Julie Lythcott-Haims

  • NYT Bestselling Author

Oct 1, 2019  |   7:30 p.m.
Kane Hall, room 130

  • This event is free and open to the public, advance registration required
  • Online ticket sales/registration for this event is closed, as it is at capacity. As a courtesy, the Graduate School will offer standby seating on a first-come, first-served basis beginning at 6:45 p.m. in Kane Hall. Stand-by seating will begin at 7:15 p.m. for any unclaimed reserved seats. You must appear in person to claim stand-by seats. And no stand-by seating is guaranteed.

How to Raise an Adult

Julie Lythcott-Haims is the author of the New York Times best-selling book How to Raise an Adult: Break Free of the Overparenting Trap and Prepare Your Kid for Success (2015) and Real American: A Memoir (2017).
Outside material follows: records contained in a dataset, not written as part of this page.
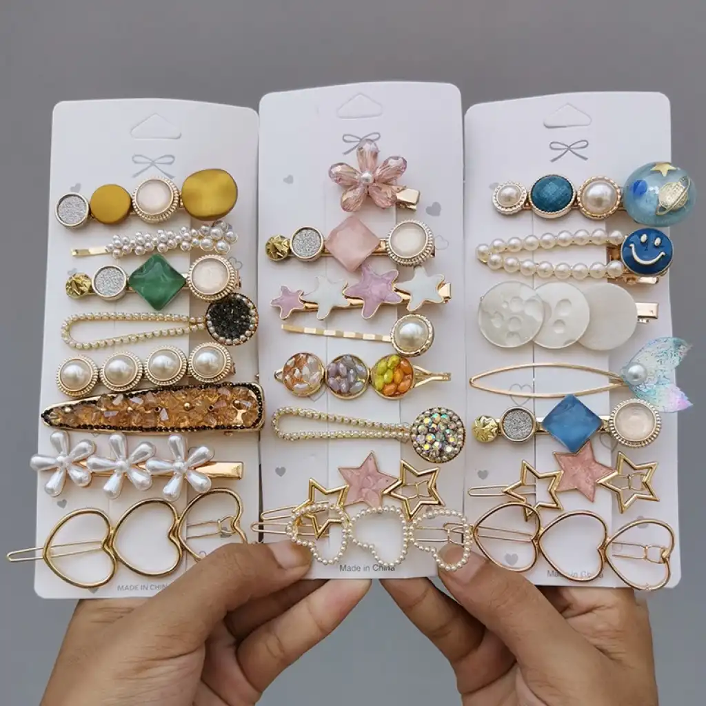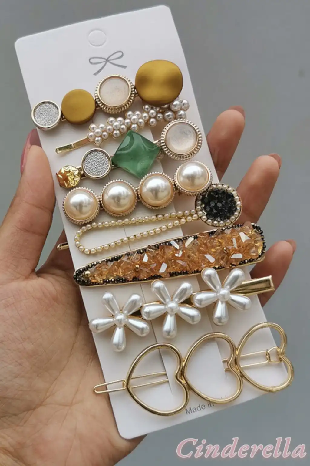 Özel 8'li Kadın İç İçe Kalpli İnci Taşlı Toka Seti - Yeni Sezon Pens Çıtçıtlı Klips Yan Saç Tokası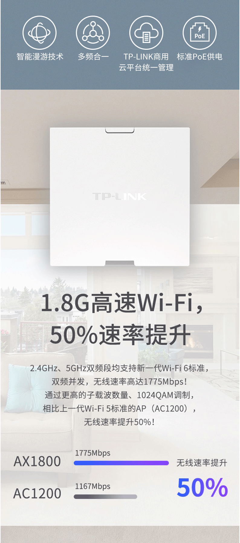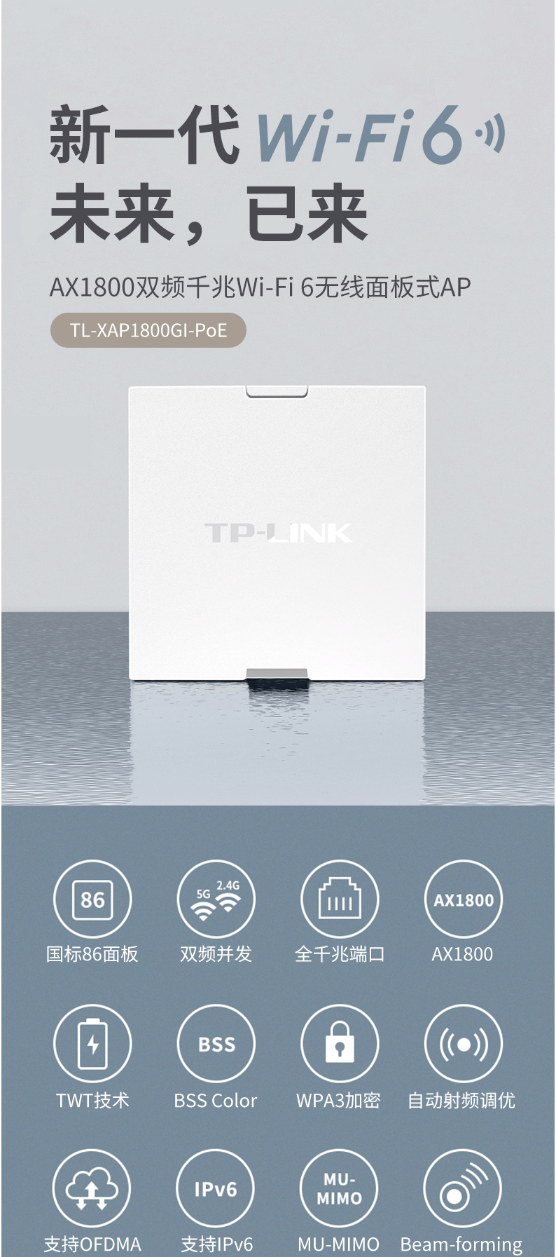 TP-LINK AX1800双频千兆Wi-Fi 6无线面板AP 企业酒店别墅wifi无线接入点 PoE供电AC管理 TL-XAP1800GI-PoE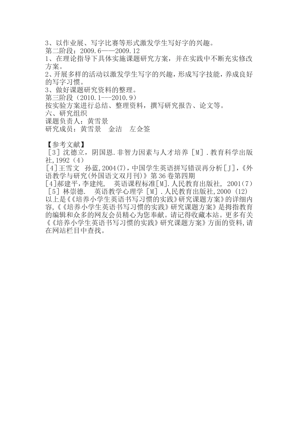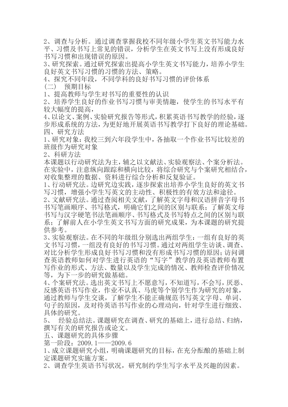 《培养小学生英语书写习惯的实践》研究课题方案.doc_第2页

She is deeply interested in what prevents people from living meaningful, fulfilling lives.

How to Raise an Adult emerged from Lythcott-Haim’s decade as Stanford University’s Dean of Freshmen, where she was known for her fierce advocacy for young adults and her fierce critique of the growing trend of parental involvement in the day-to-day lives of college students. She received the university’s Lloyd W. Dinkelspiel Award for creating “the” atmosphere that defines the undergraduate experience, and toward the end of her tenure as dean she began speaking and writing widely on the harm of helicopter parenting. How to Raise an Adult has been published in over two dozen countries and gave rise to a TED talk that became one of the top TED Talks of 2016 with over four million views, and counting, as well as a sequel which will be out in 2020.

In a different vein, the memoir Real American details Lythcott-Haim’s personal battle with the low self-esteem that American racism routinely inflicts on people of color. The child of an African-American father and a white British mother, Lythcott-Haims shows how microaggressions in addition to blunt-force insults can puncture a person’s inner life with a thousand sharp cuts. Real American expresses also, through Julie’s path to self-acceptance, the healing power of community in overcoming the hurtful isolation of being incessantly considered “the other.”

Lythcott-Haims received her bachelor’s degree at Stanford University, her law degree at Harvard Law School, and her MFA in writing from the California College of the Arts. She lives in Silicon Valley with her partner of thirty years, their two teenagers, and her mother.